From: Krasiyan Andreev <krasiyan(at)gmail(dot)com>
To: pgsql-hackers(at)postgresql(dot)org
Subject: [PATCH] distinct aggregates within a window function WIP
Date: 2020-01-13 09:17:02
Message-ID: CAN1Pwonf4waD+PWkEFK8ANLua8fPjZ4DmV+hixO62+LiR8gwaA@mail.gmail.com
Views: Raw Message | Whole Thread | Download mbox | Resend email
Thread:
Lists: pgsql-hackers

Hi hackers,

I want to propose to you an old patch for Postgres 11, off-site developed
by Oliver Ford,
but I have permission from him to publish it and to continue it's
development,
that allow distinct aggregates, like select sum(distinct nums) within a
window function.

I have rebased it for current git master branch and have made necessary
changes to it to work with Postgres 13devel.

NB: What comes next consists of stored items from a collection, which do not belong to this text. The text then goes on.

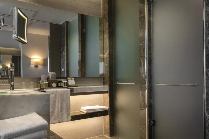 В просторных ванных комнатах есть все для того, чтобы постояльцы могли принимать душ или ванну. Гигиенические принадлежности, а также полотенца, фен, тапочки и халаты предоставляются бесплатно. Как утверждают гости, полы здесь не скользкие, а запах сырости никогда не ощущается.
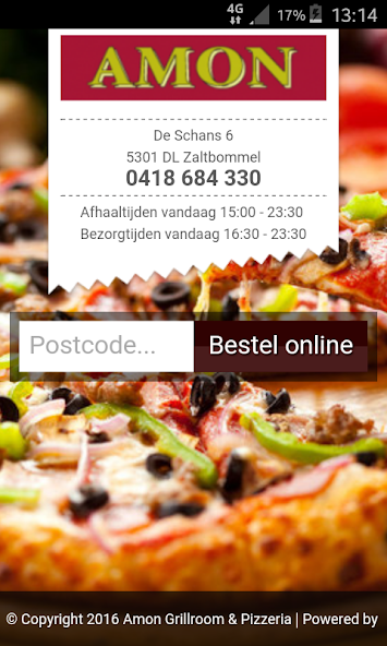 Amonアプリは、安全で速いおいしいパスタ、ピザ、トルコのピザなど、Zaltbommelとその周辺を注文します。理想的に自分の銀行を通じて直接オンラインで支払いましょう!
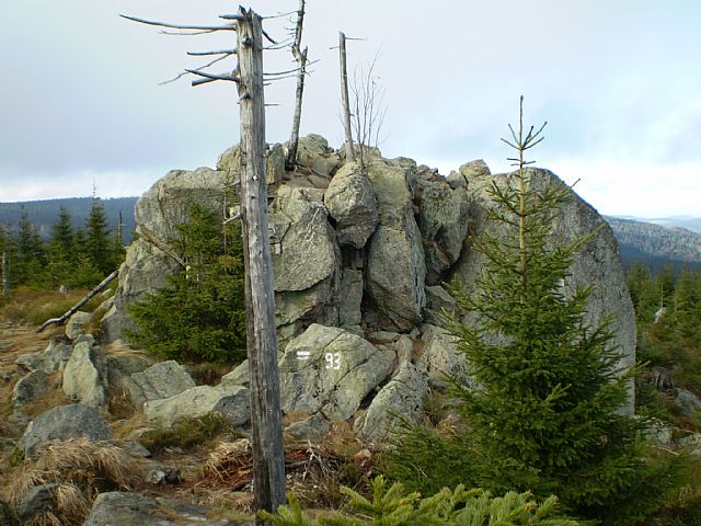 Vrcholová skála Malé Mokrůvky - V vrcholu, nového vedlejšího vrcholu Malé Mokrůvky (HLV 44; 1330 m).
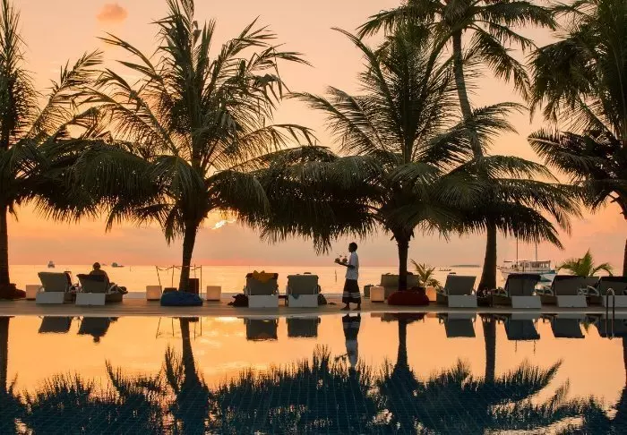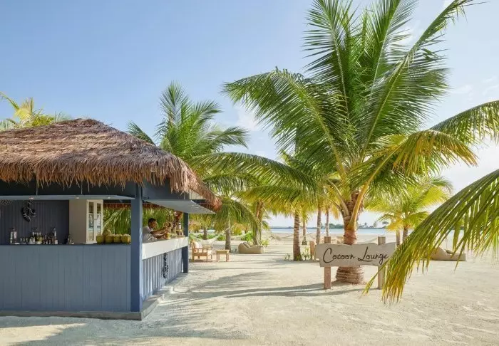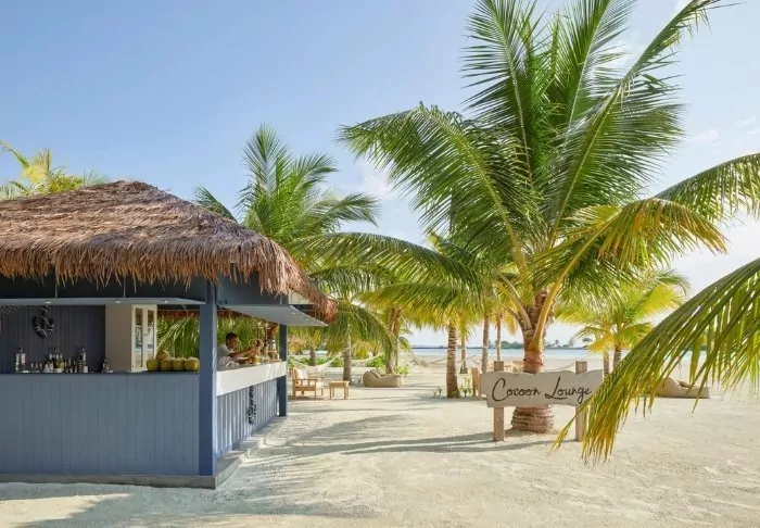 På kvällen, när solen sakta går ner, kan du njuta av en drink på en av öns loungebarer, som erbjuder en avslappnad atmosfär med utsikt över stranden.

It's a WIP, because it doesn't have tests yet (I will add them later) and
also, it works for a int, float, and numeric types,
but probably distinct check can be rewritten for possible performance
improvement,
with storing the distinct elements in a hash table which should give a
performance improvement.

If you find the implementation of patch acceptable from committers
perspective,
I will answer to all yours design and review notes and will try to go ahead
with it,
also, I will add this patch to the March commit fest.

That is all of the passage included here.